由於細胞培養研究中支原體污染的流行以及對生物製藥和疫苗的強烈需求,支原體測試市場規模預計在 2024 年至 2032 年期間將以超過 11.9% 的複合年成長率成長。對生物製藥和疫苗不斷成長的需求是推動市場擴張的重要驅動力。生物製藥,包括單株抗體、重組蛋白和基因療法,正成為現代醫學的基石。根據世界衛生組織統計,光是2021年,全球疫苗供應量就達160億劑,價值約1,410億美元。

由於生物製藥和疫苗是使用複雜的細胞培養過程製造的,因此確保其安全性和有效性變得至關重要。支原體污染對這些產品的品質和安全構成嚴重風險。受污染的生物藥品和疫苗可能會對患者造成不利影響、監管問題以及製造商的財務損失。為了滿足監管要求並維持產品質量,生物製藥和疫苗製造商擴大投資先進的支原體檢測解決方案。這些解決方案能夠快速且準確地檢測支原體污染,同時有助於維護生物製藥和疫苗生產過程的完整性。

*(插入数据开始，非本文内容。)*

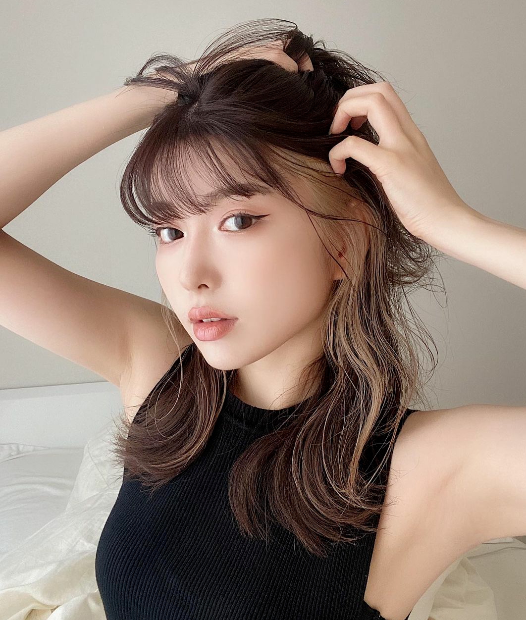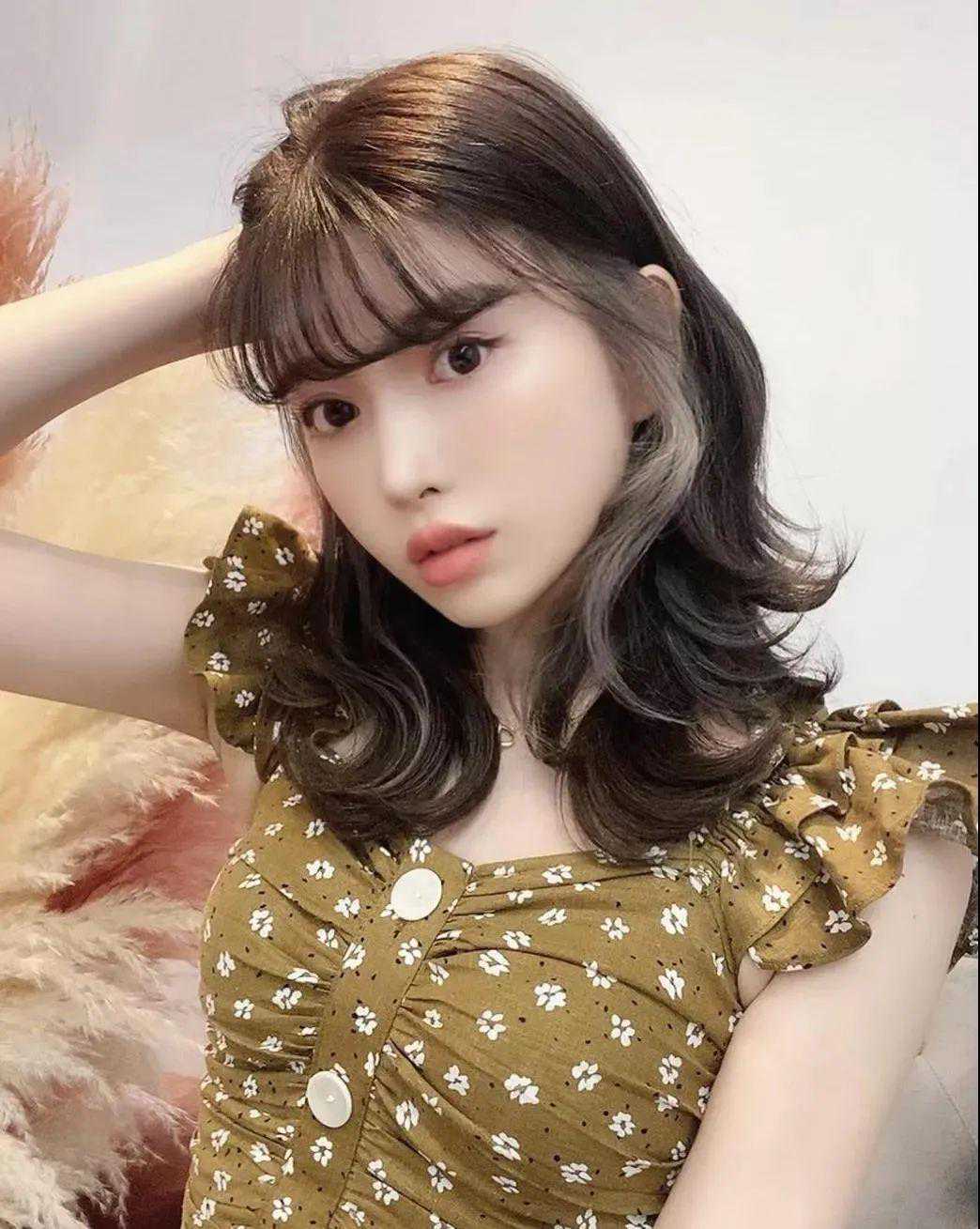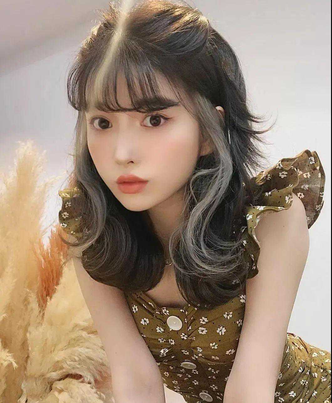 谁说挂耳染一定是有杀伤力的酷妹才能驾驭的,大眼甜妹搭配空气刘海,加上人鱼尾巴的温柔卷,甜度满分,
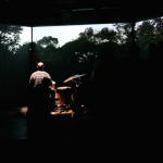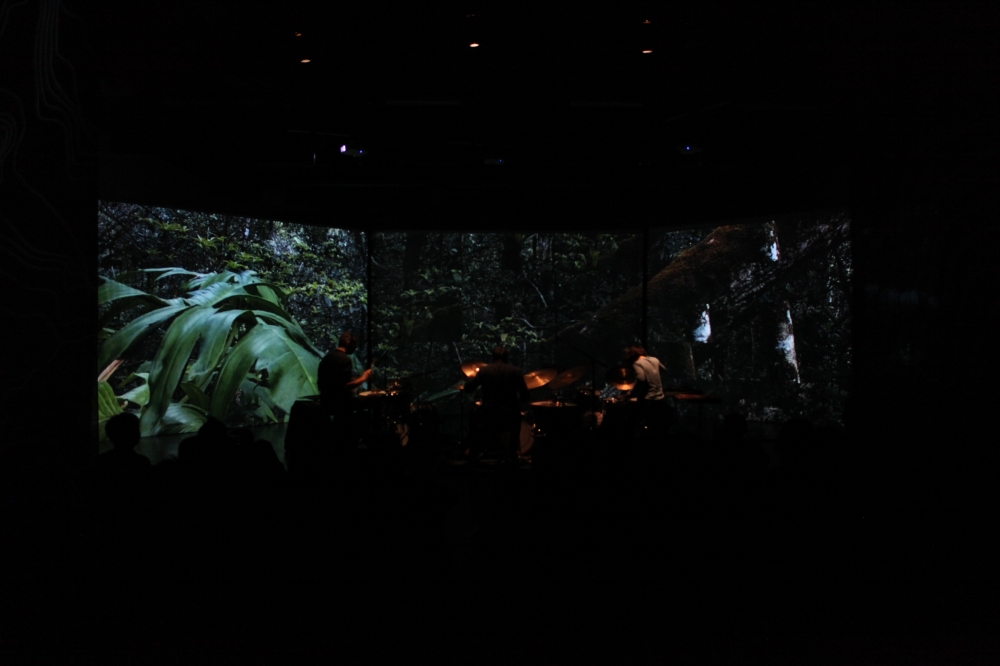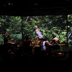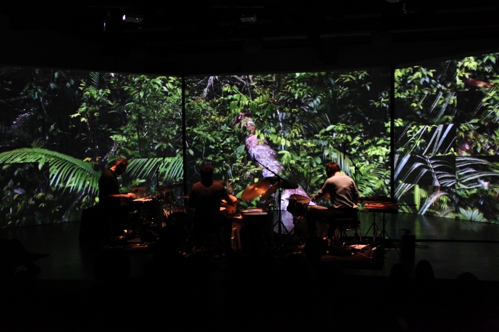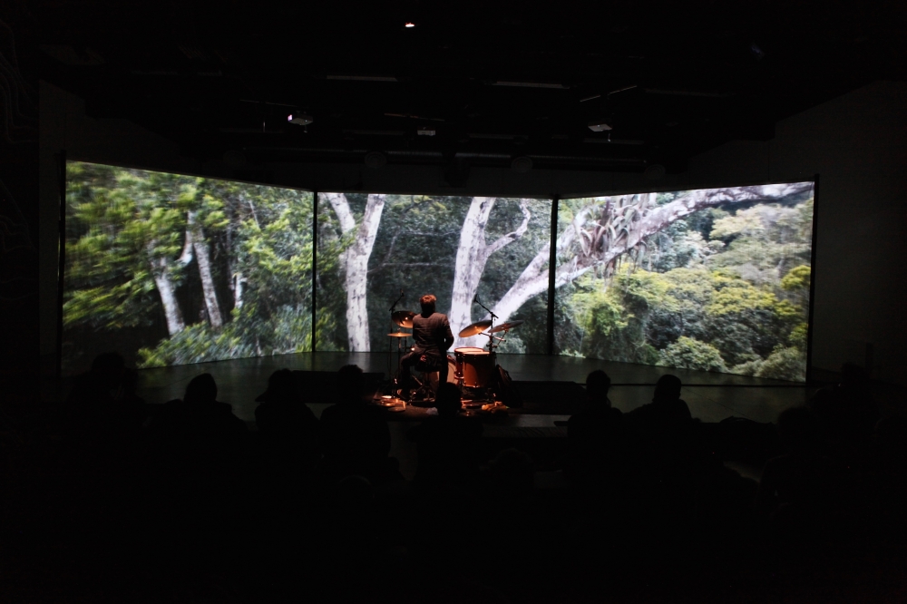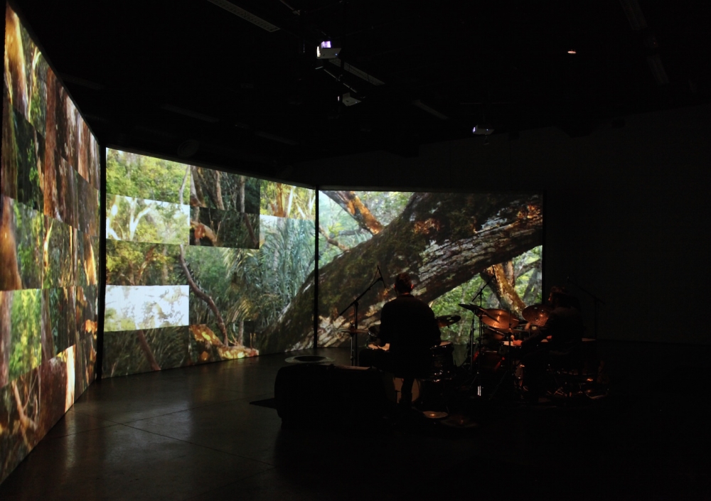 The videos, classified by banks ( types of forests, vegetations, etc…) are played thru different protocols, depending on the electro-acoustic sound, or playing generated by the drums.

支原體檢測市場根據產品類型、應用、技術、最終用途和地區進行分類。

2024年至2032年,儀器產品類型細分市場的市場規模預計將以11.8%的複合年成長率大幅成長。 、準確的支原體檢測細胞培養物和生物製藥產品中的污染。這些儀器可實現高通量篩選和自動化,進而提高支原體檢測實驗室的效率和生產力。此外,創新攜帶式儀器的出現促進了現場測試,進一步縮短了周轉時間並實現了污染風險的即時監控。

從技術角度來看,酵素連結免疫吸附測定(ELISA) 領域的支原體檢測產業預計到2032 年複合年成長率將達到11.8%。製品中的支原體抗原或抗體。憑藉其高靈敏度和可擴展性,ELISA 還為研究實驗室和生物製藥生產設施中的常規支原體篩檢提供了經濟高效的解決方案。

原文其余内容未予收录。